Generates a numpy array using the data stored in the shared memory region specified with the handle.

Parameters
  • cuda_shm_handle (c_void_p) – The handle for the cuda shared memory region.

  • datatype (np.dtype) – The datatype of the array to be returned.

  • shape (list) – The list of int describing the shape of the array to be returned.

Returns

The numpy array generated using contents from the specified shared memory region.

Return type

np.array

tritonshmutils.shared_memory.set_shared_memory_region(shm_handle, input_values)

Copy the contents of the numpy array into a shared memory region.

Parameters
  • shm_handle (c_void_p) – The handle for the shared memory region.

  • input_values (list) – The list of numpy arrays to be copied into the shared memory region.

Raises

SharedMemoryException – If unable to mmap or set values in the shared memory region.

exception tritonshmutils.cuda_shared_memory.CudaSharedMemoryException(err)

Exception indicating non-Success status.

Parameters

err (c_void_p) – Pointer to an Error that should be used to initialize the exception.

tritonshmutils.cuda_shared_memory.create_shared_memory_region(triton_shm_name, byte_size, device_id)

Creates a shared memory region with the specified name and size.

Parameters
  • triton_shm_name (str) – The unique name of the cuda shared memory region to be created.

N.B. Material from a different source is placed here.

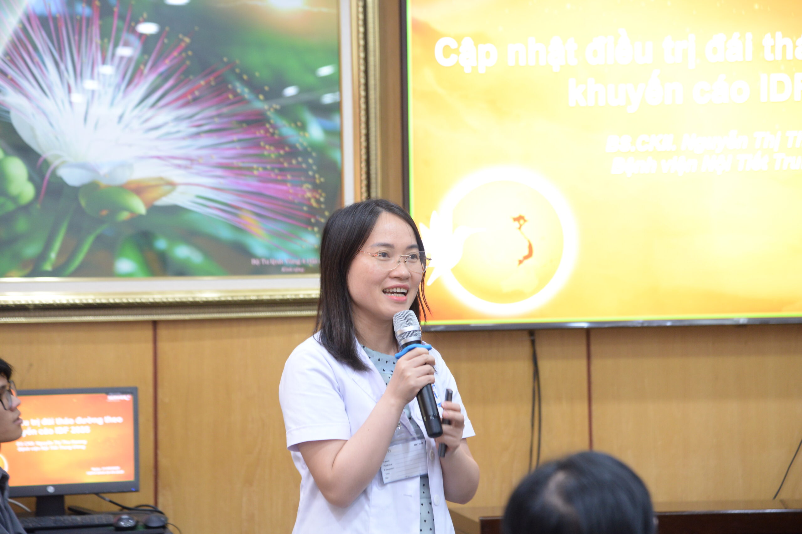 Bài báo cáo đầu tiên do BS.CKII Nguyễn Thị Thu Hương – Phó Trưởng khoa Thận – Tiết niệu, Bệnh viện Nội tiết Trung ương trình bày. Nội dung tập trung vào các điểm mới của khuyến cáo IDF 2025 về chiến lược điều trị toàn diện bệnh nhân đái tháo đường, nhấn mạnh vai trò của việc kiểm soát đường huyết sớm và liên tục, lựa chọn thuốc điều trị dựa trên nguy cơ tim mạch, thận và các bệnh lý kèm theo. Đồng thời, báo cáo cũng cập nhật các chỉ số mục tiêu điều trị và nhấn mạnh yếu tố cá thể hóa trong chăm sóc người bệnh.

  • byte_size (int) – The size in bytes of the cuda shared memory region to be created.

  • device_id (int) – The GPU device ID of the cuda shared memory region to be created.

Returns

cuda_shm_handle – The handle for the cuda shared memory region.

Return type

c_void_p

Raises

CudaSharedMemoryException – If unable to create the cuda shared memory region on the specified device.

tritonshmutils.cuda_shared_memory.destroy_shared_memory_region(cuda_shm_handle)

Close a cuda shared memory region with the specified handle.

Parameters

cuda_shm_handle (c_void_p) – The handle for the cuda shared memory region.

Raises

CudaSharedMemoryException – If unable to close the cuda_shm_handle shared memory region and free the device memory.

tritonshmutils.cuda_shared_memory.get_contents_as_numpy(cuda_shm_handle, datatype, shape)

Generates a numpy array using the data stored in the shared memory region specified with the handle.

Parameters
  • cuda_shm_handle (c_void_p) – The handle for the cuda shared memory region.

  • datatype (np.dtype) – The datatype of the array to be returned.

  • shape (list) – The list of int describing the shape of the array to be returned.

Returns

The numpy array generated using contents from the specified shared memory region.

Return type

np.array

tritonshmutils.cuda_shared_memory.get_raw_handle(cuda_shm_handle)

Returns the underlying raw serialized cudaIPC handle in base64 encoding.

Parameters

cuda_shm_handle (c_void_p) – The handle for the cuda shared memory region.

Returns

The raw serialized cudaIPC handle of underlying cuda shared memory in base64 encoding

Return type

bytes

tritonshmutils.cuda_shared_memory.set_shared_memory_region(cuda_shm_handle, input_values)

Copy the contents of the numpy array into a shared memory region with the specified identifier, offset and size.

Parameters
  • cuda_shm_handle (c_void_p) – The handle for the cuda shared memory region.

  • input_values (list) – The list of numpy arrays to be copied into the shared memory region.

Raises

CudaSharedMemoryException – If unable to set values in the cuda shared memory region.